For years and years I have seen the name "Polston" on gorgeous daylilies in tour gardens here in Missouri, and in Kansas and Oklahoma -- "Region 11" of the American Hemerocallis Society. I learned that Tom Polston was one of the noteworthy breeders of daylilies in Ohio, but until last week I didn't know that he and Doug Sterling also breed Cyldesdale horses.
This is the only Tom Polston daylily I grow currently, DRAGON EMPRESS, photographed in my own garden this year on June 24. It's a fine example of one of his major breeding goals, which is to put the voluptuous form the deep-south breeders are known for onto hardy northern plants.
Tom is probably better-known these days for his daylilies with toothy edges. I think the dragon sculpture near his seedling beds is meant to affirm that.
We saw his garden a week ago Thursday as part of an extra day of touring at the National Convention of AHS - the American Hemerocallis Society. All the official tour gardens were in the vicinity of Columbus, where the convention took place. The bonus day of touring took us southwest to the Dayton area.
I wonder if the metal daylily sculpture at the top of this blog was inspired by this seedling:
There were a lot of seedlings like this. Tom had stuck blue flags in the soil next to the ones he will dig out and save for further evaluation. I became absorbed in trying to follow his thinking as I compared the flagged ones with the unflagged.

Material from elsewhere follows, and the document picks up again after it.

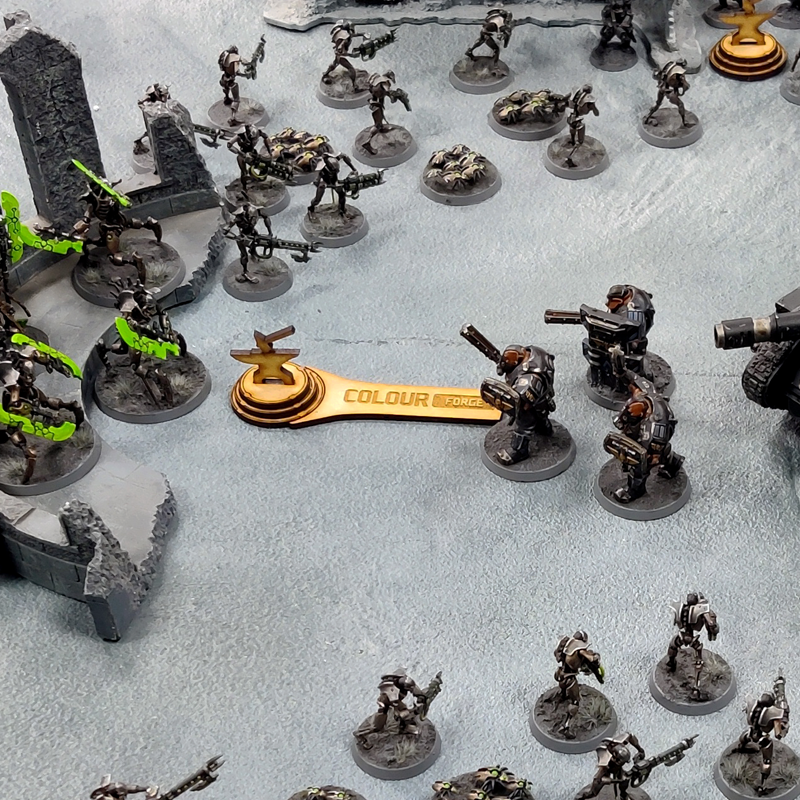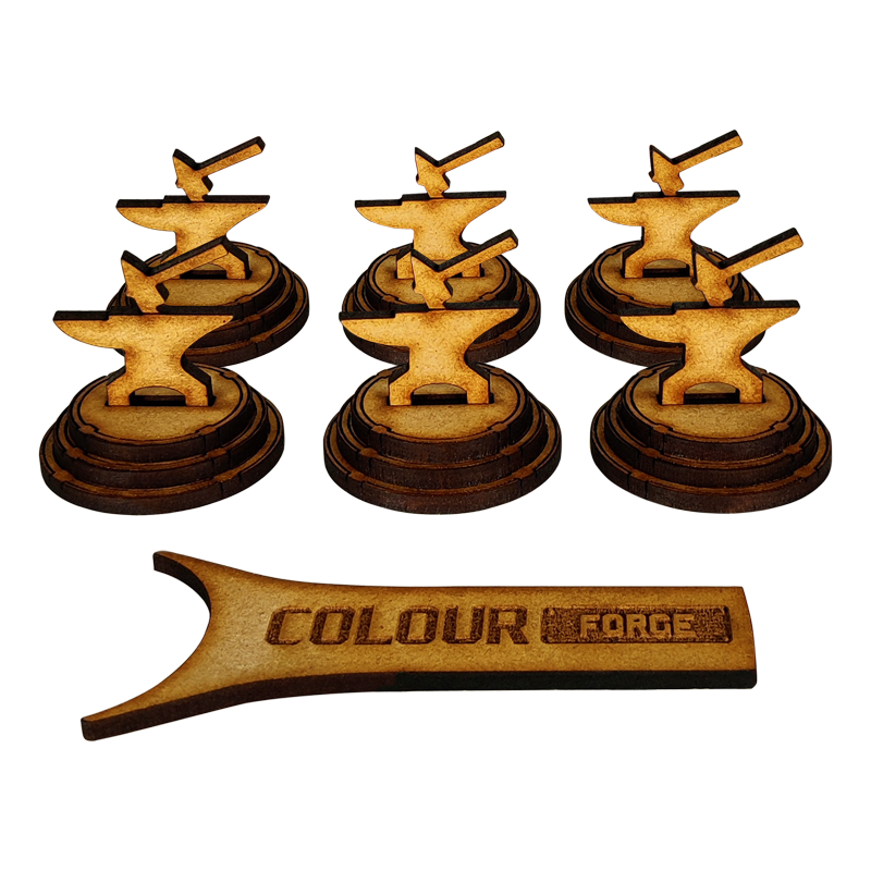 The Colour Forge objective marker set consists of 6 beautifully rendered 3D objective markers laser cut from 3mm MDF, perfect for use with 10th ed 40K (and a whole host of other game systems) These great objective markers are also accompanied by a measuring widget which works in tandem with the markers giving the gamer precise and relevant measurements every single time, meaning minimal downtime on the gaming table.

I surmised that he is outcrossing his lines with the best toothy daylilies by other breeders. Here is Jamie Gossard's HEAVENLY BOMB SHELL.
This is Karol Emmerich's GNASHING OF TEETH:
Here is LARRY'S OBSESSION by Ted Petit:
The seedling below was prominently displayed "under number:" 12-JTP-111T. I'm guessing JTP is Joel Thomas Polston and that the letter T at the end designates Tetraploid genetics as opposed to Diploid, terms that only hybridizers need know about. The fact that one daylily may have four sets of chromosomes (tetraploid) rather than two has nothing to do with whether you'd enjoy the look of the plant in your garden.
I stopped several times to look at seedlings without flags that seemed to have clearer color than more toothy seedlings with flags. A wild guess makes me think this is from a cross involving something of Karol Emmerich's, many of which have amazing frosty edges. I imagine this wasn't flagged for several reasons: (1) it looks like somebody else's work; (2) it doesn't have the dramatic edge the flagged ones exhibit; and/or (3) it's low-growing.
The flagged keeper below has that "southern belle" look on a northern-hardy plant. I love the powdered salmon bisque pink color, the sculpting coming out of the lemon creme throat, and the bubbly ruffled edge.
With thousands of daylilies calling for attention, a guy can go on optic overload fast, so after my inspection of the new keepers, I savored the landscaping around the other side of the 1848 house.
This side of the house is about beauty. Shade is welcome on this side, and so is flowing water. As you approach the addition to the house, you notice features of the private life (the public life is on the other side where sun in full strength feeds the daylilies). Here in the private area is a small Japanese feature such as I'd like to put in my own back yard. Here it is placed in perfect balance with everything else.
Up close to the addition is a really nice sculpture and water feature situated with outstanding variety and harmony. The gentleness of this garden adds dimension to our sense of the hybridizer who is pursuing an interest in the big, bold, and jagged.
I probably spent more time in this tranquil zone than out in the blaze of color and the riot of teeth, or maybe I didn't. I fed my mind on the sunny side and my soul here in the shade. We all probably wished for more time at Pleasant Valley Gardens. As it was, I never went to look at the Clydesdales close up!
As Tom bid us goodbye, I wished I'd stopped taking so many pictures and gone up to tell him how much I enjoy DRAGON EMPRESS. There will be more of his daylilies in my garden next year.